— Ну что ж, и в поход пойдешь, коли велено! Да ты слушай, голова! и я ведь молоденек бывал, тоже чуть-чуть в некруты в ту пору не угодил… уж и что хлопот-то у нас в те поры с батюшкой вышло!

— То-то «чуть-чуть»! — в сердцах ворчала мать, — вот не сдали же, а тут как есть один сын, да и тот не в дом, а из дому вон бежит!

— А кто ж тебе не велел другого припасти! — сказал дедушко полушутливо, полудосадливо, — то-то вот, баба: замест того, чтоб потешить сыночка о празднике, а она еще пуще его в расстрой приводит! Ты пойми, глупая, что он у тебя в гостях здесь! Вот ужо вели коней в саночки запречь… погуляй покуда, Петруня, с робятками-то, погуляй, милой!

Иван, однако, не принимал никакого участия в разговоре. Он спокойно раздевался в это время и вместе с тем делал обычные распоряжения по дому. Но это равнодушие было только кажущееся, а в сущности он не менее жены печалился участью сына. Вообще, нашего крестьянина трудно чем-нибудь расшевелить, удивить или душевно растрогать. Ежеминутно имея прямое отношение лишь к самой незамысловатой и неизукрашенной действительности, ежеминутно встречая лицом к лицу свою насущную жизнь, которая часто представляет для него одну бесконечную невзгоду и во всяком случае многого никогда ему не дает, он привыкает смело смотреть в глаза этой суровой мачехе, которая по временам еще осмеливается заговаривать льстивыми голосами и называть себя родной матерью. Поэтому всякая потеря, всякая неудача, всякое безвременье составляют для крестьянина такой простой факт, перед которым нечего и задумываться, а только следует терпеливо и бодро снести.
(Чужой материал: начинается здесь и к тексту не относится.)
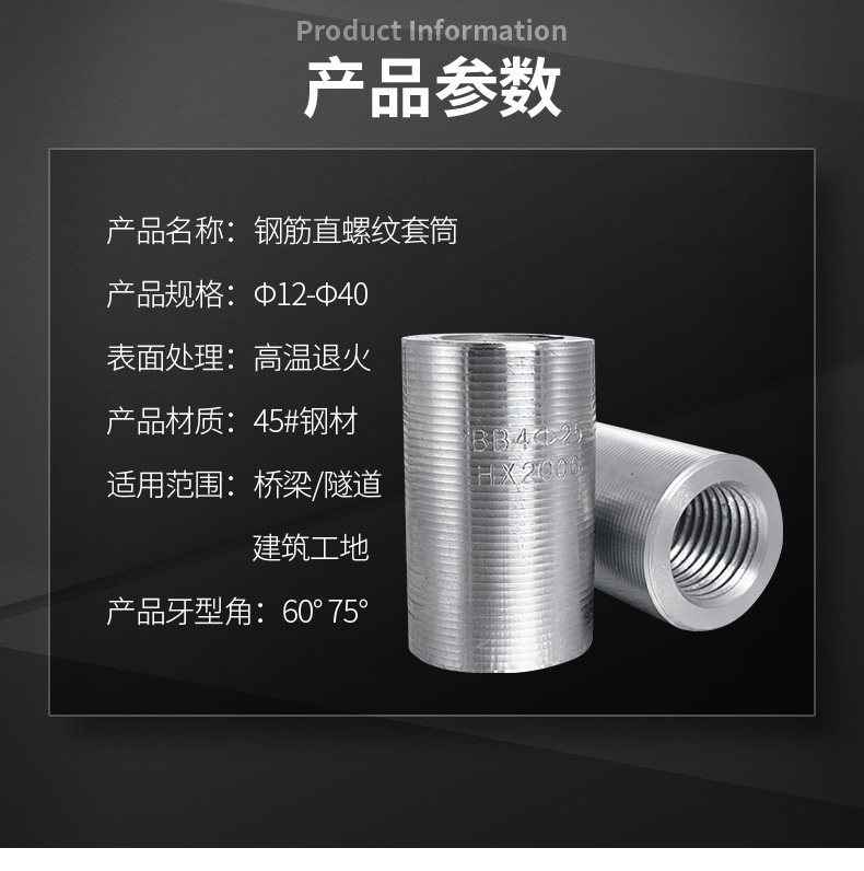 m16国标钢筋套筒直螺纹钢筋连接套管变径钢筋接驳器现货速发
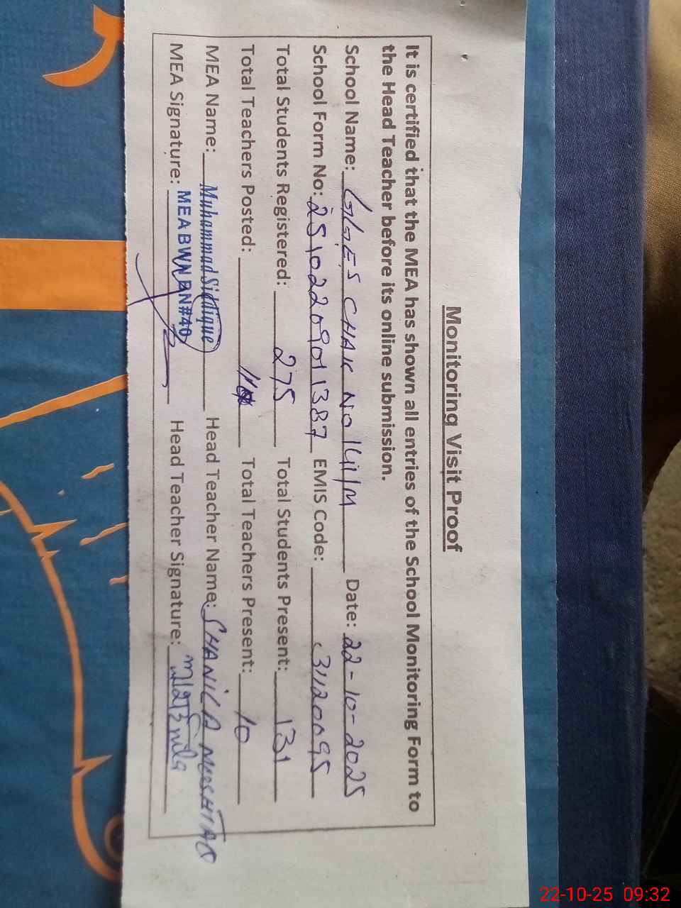 | Certified that this School was Inspected by the Undersigned MEA/DMO Today and the Information Stated Above is as Per Record. | |||||

Даже смерть наиболее любимого и почитаемого лица не подавляет его и не производит особенного переполоха в душе; мало того: я не один раз видал на своем веку умирающих крестьян, и всегда (кроме, впрочем очень молодых парней, которым труднее было расставаться с жизнью) замечал в них какое-то твердое и вместе с тем почти младенческое спокойствие, которое многие, конечно, не затруднились бы назвать геройством, если бы оно не выражалось столь просто и неизысканно. Все страдания, все душевные тревоги крестьянин привык сосредоточивать в самом себе, и если из этого правила имеются исключения, то они составляют предмет хотя добродушных, но всегда общих насмешек. Таких людей называют нюнями, бабами, стрекозами, и никогда рассудливый мужик не станет говорить с ними об деле. Правда, дрогнет иногда у крестьянина голос, если обстоятельства уж слишком круто повернут его, изменится и как будто перекосится на миг лицо, насупятся брови — и только; но жалоба, суетливость и бесплодное аханье никогда не найдут места в его груди. Повторяю: невзгода представляется для крестьянина столь обычным фактом, что он не только не обороняется от него, но даже и не готовится к принятию удара, ибо и без того всегда к нему готов. Всю чувствительность, все жалобы он, кажется, предоставил в удел бабам, которые и в крестьянском быту, как и везде, по самой природе, более склонны представлять себе жизнь в розовом цвете и потому не так легко примиряются с ее неудачами.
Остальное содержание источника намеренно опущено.